Brief. Write the listing out again word for word. Pictures do not belong in the copy.

Data segment.
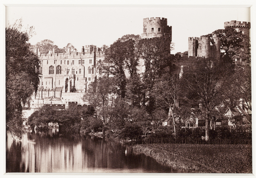 Creator: Francis Bedford (1816 - 1894) Date: c. 1880 Format: Albumen print Collection: National Media Museum Collection Inventory no: 1990-5037_B1_0533 Standing at the edge of the River Avon, parts of the castle date back to the thirteenth century, with other buildings added throughout the following five centuries.
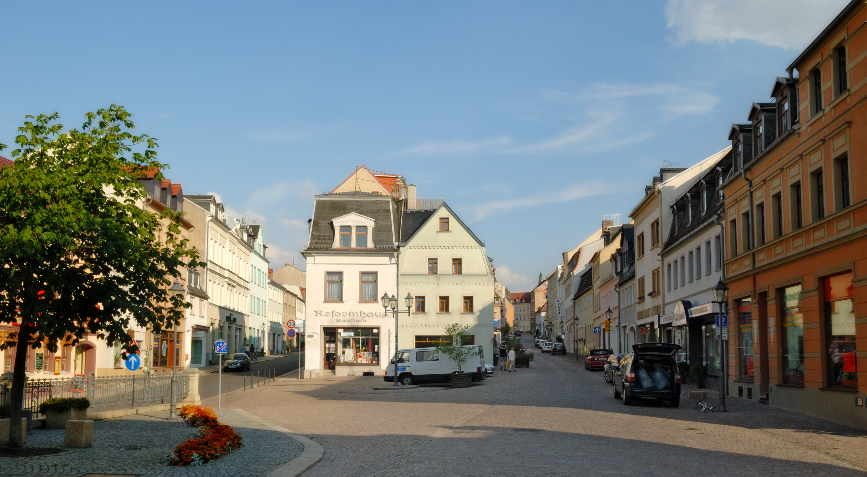 This image shows the neu market "Neumarkt" in Meerane, Germany.
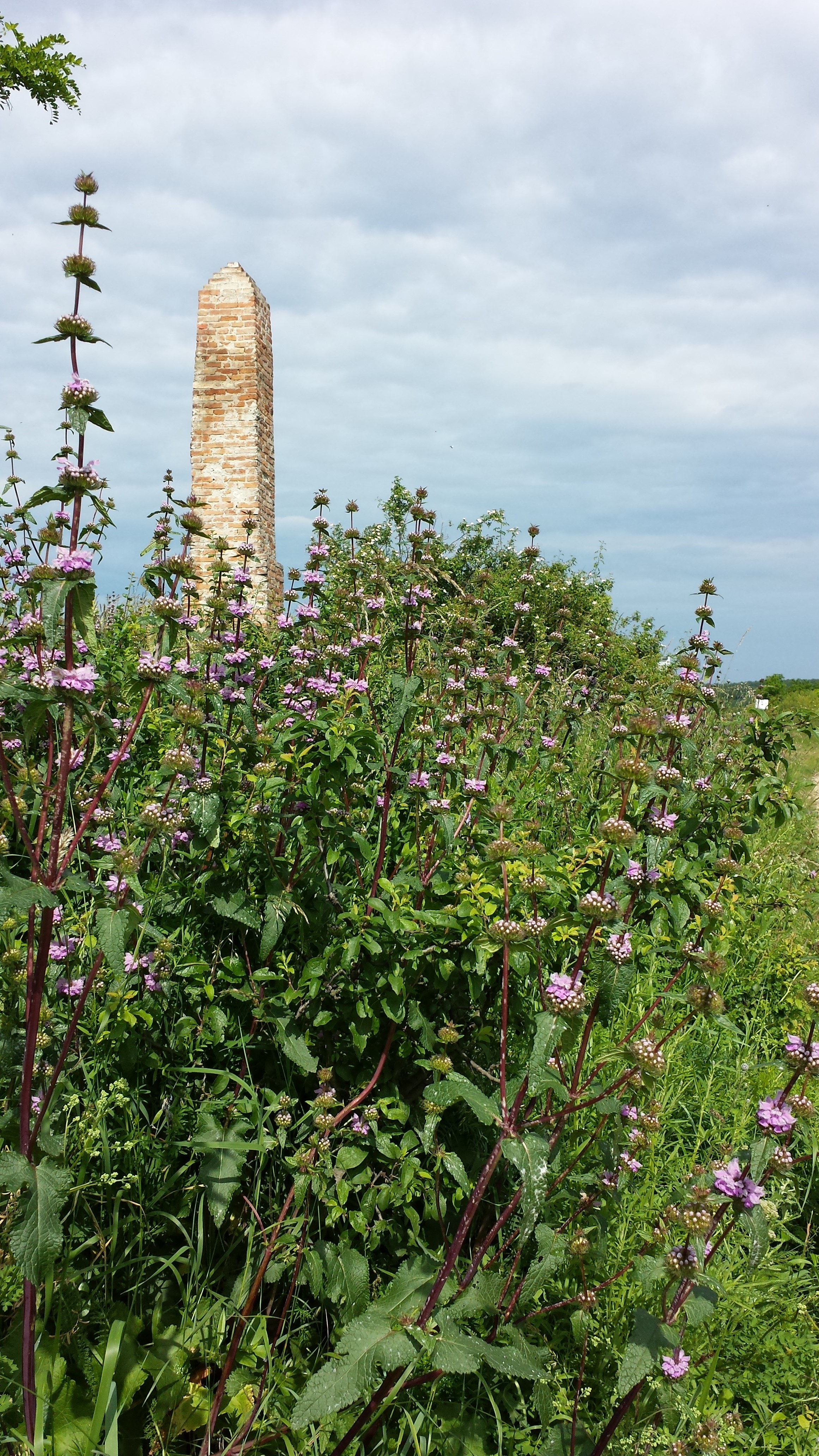 Gallows with plants Taxon: Phlomis tuberosa (sensu Fischer et al. EfÖLS 2008) Location: Gallows hill near Oberstinkenbrunn, district Hollabrunn, Lower Austria - ca. 340 m a.s.l. Habitat: dry grassland

Exercise result.
 Creator: Francis Bedford (1816 - 1894) Date: c. 1880 Format: Albumen print Collection: National Media Museum Collection Inventory no: 1990-5037_B1_0533 Standing at the edge of the River Avon, parts of the castle date back to the thirteenth century, with other buildings added throughout the following five centuries.
 This image shows the neu market "Neumarkt" in Meerane, Germany.
 Gallows with plants Taxon: Phlomis tuberosa (sensu Fischer et al. EfÖLS 2008) Location: Gallows hill near Oberstinkenbrunn, district Hollabrunn, Lower Austria - ca. 340 m a.s.l. Habitat: dry grassland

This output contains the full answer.